Abstract
We present a hybrid soft detector that has a good
performance/complexity trade-off for a multiple-input
multiple-output (MIMO) wireless communication system with known
channel information. The new soft detector combines the merits of
a simple unstructured least-squares (LS)-based soft detector and
a list sphere decoder (LSD)-based soft detector for data bit
detection. The former is computationally much more efficient than
the latter at the cost of poorer performance. The poor
performance of the former occurs mainly when the channel matrix
is ill-conditioned. Whenever this happens, we use the LSD-based
soft detector in the hybrid soft detector; otherwise, we use the
LS-based one.
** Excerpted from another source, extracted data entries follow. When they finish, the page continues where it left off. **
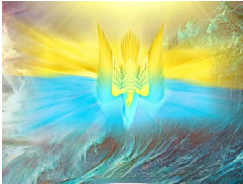
Птахом Творця Всесвіту в арійській традиції завжди був СОКІЛ.

«Сокіл — Сонячний птах, духовне єство світотворення. Він сидить на вершечку світового древа, поряд із небесними світилами, й відає про все. На витворах народного мистецтва зображена космогонічна картина: сокіл на верхівці прадерева, ВІН СТВОРЮЄ НОВИЙ СВІТ. У колядках змальоване дерево, "а на вершечку сив соколонько гнізденько си в'є", щоб знести яйце, в якому зародиться життя.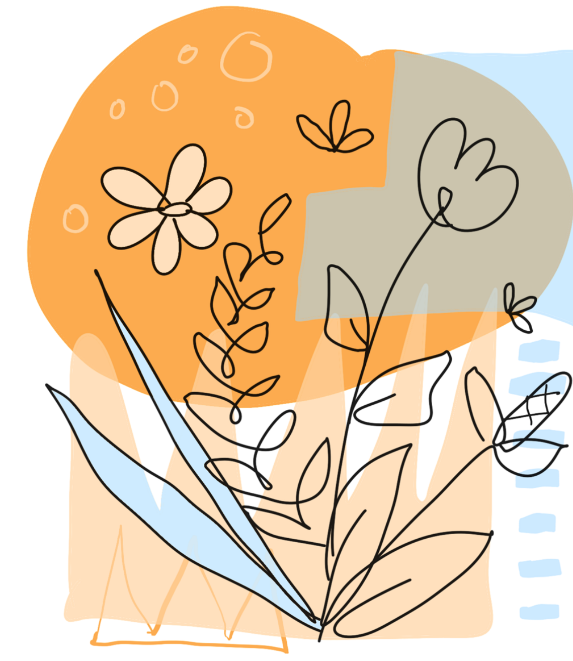
Figure 2.

Pellentesque eget convallis lorem, vel vestibulum nisl. Vivamus suscipit augue at ipsum commodo semper. Duis hendrerit, metus non scelerisque ultricies, libero dolor malesuada diam, fermentum scelerisque augue justo a erat.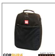
HPRCCB3500 CORDURA BAG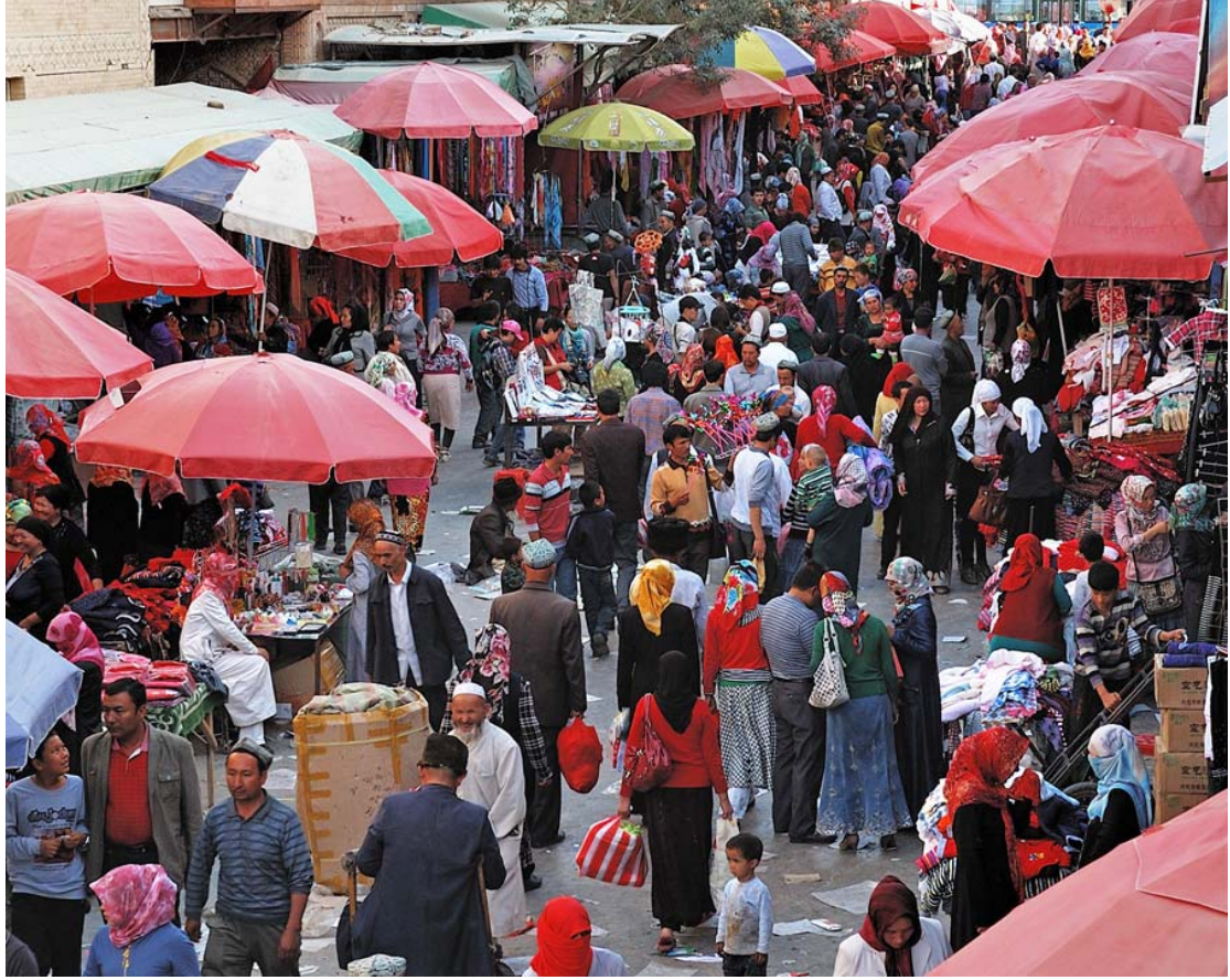
Köy sosyete pazarından bir görüntü

Moreover, we provide a tight radius for a sphere
decoder, a hard detector, via using the output of an LS-based
hard detector. These two hard detectors are needed to determine
if LS or LSD should be used in the hybrid soft detector. As an
application example, we consider doubling the maximum data rate
of the IEEE 802.11a conformable wireless local area networks by a
MIMO system with two transmit and two receive antennas. For this
application, the new soft detector is about 10 times faster than
the LSD-based one and is about 10 times slower than the LS-based
one. Yet the packet error rate due to using the new soft detector
is quite close to that of using the LSD-based one.